Halk Partisinin halk tanımlaması böyleydi: "Ulan öküz Anadolulu!"

Halk Partisinin halk tanımlaması böyleydi: "Ulan öküz Anadolulu!"

YÜKSEL TOKUR
Kanayan yaramız Filistin'de soykırım devam ederken, İsrail tüm dünyada terör estirirken, ülkemizin onca sorunu varken, tüm bunlardan kendisini soyutlayıp iç kargaşalarla Türkiye gündemini meşgul eden CHP'yi yazacağız maalesef.
9 Eylül 1923'te kurulan CHP, 102. yaş gününü kutlasa da, asırlık yaşına rağmen çağa ayak uydurarak kendisini yenileyemedi.
Adında "halk" olmasına rağmen halkın, ülkenin yararına olacak olan ne varsa karşı çıkıp takoz oldu.
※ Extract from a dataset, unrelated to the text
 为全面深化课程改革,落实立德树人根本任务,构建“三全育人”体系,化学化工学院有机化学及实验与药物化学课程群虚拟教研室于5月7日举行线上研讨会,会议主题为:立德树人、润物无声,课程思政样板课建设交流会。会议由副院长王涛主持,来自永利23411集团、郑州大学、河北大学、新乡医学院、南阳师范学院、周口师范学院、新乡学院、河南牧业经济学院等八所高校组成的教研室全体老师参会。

Parti içi karışıklıklar ise hiç eksik olmadı.
Tek Parti döneminin ünlü Ankara Valisi Nevzat Tandoğan'ın bir sözü bu partinin halka olan bakış açısını çok net ortaya koyuyor.
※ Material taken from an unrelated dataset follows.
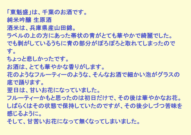 新しく開けたお酒:東魁盛(千葉)

Vali, siyasi faaliyetlerinden dolayı tutuklanarak huzuruna getirilen gençlerden Osman Yüksel Serdengeçti'ye: "Ulan öküz Anadolulu, sizin milliyetçilikle, komünizm ile ne işiniz var Milliyetçilik lazımsa bunu biz yaparız.
Komünizm gerekirse onu da biz getiririz. Sizin iki vazifeniz var. Birincisi çiftçilik yapıp mahsul yetiştirmek. İkincisi askere çağırdığımızda askere gelmek."
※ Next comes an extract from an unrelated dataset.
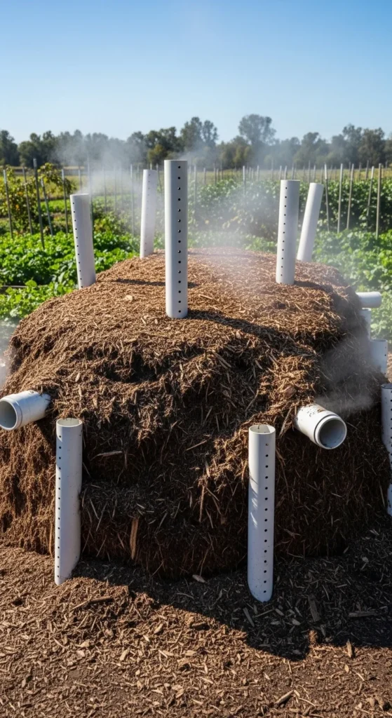 If turning is hard, pipes bring air into the pile.
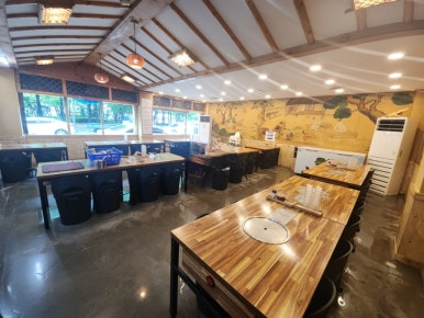 식당의 천정이 한옥 느낌이고

Sonra da: "Alın bu iti götürün" diyerek rahmetli üstadı huzurundan kovar.
1950 yılına kadar aralıksız 27 yıl iktidar olan CHP, bu tarihten sonra bir daha tek başına iktidar yüzü göremedi.
Aslında onlar oturup düşünmeli; "Nerede hata yaptık/yapıyoruz ki; bu halk bize tek başımıza iktidar olmak yetkisi vermiyor" diye..
Onlar düşünmese de bize göre CHP'nin hatalarından bazıları şöyle:
Geçmişindeki kötü sicilini bir asırdan fazla zaman geçmesine rağmen temizleyemedi, aynı çizgide devam ediyor olması.
Geçmişi ile bugünkü ideolojileri arasındaki paralellik devam etmesi. Komünizm dahil, pek çok ideoloji yıkıldı da onlar kendilerini yenileyemedi. Halktan daha çok asker ve yargı içindeki vesayetten medet ummaları. Şimdi de, hiç olmadık yere "halkı sokağa çağırma" tehditleri.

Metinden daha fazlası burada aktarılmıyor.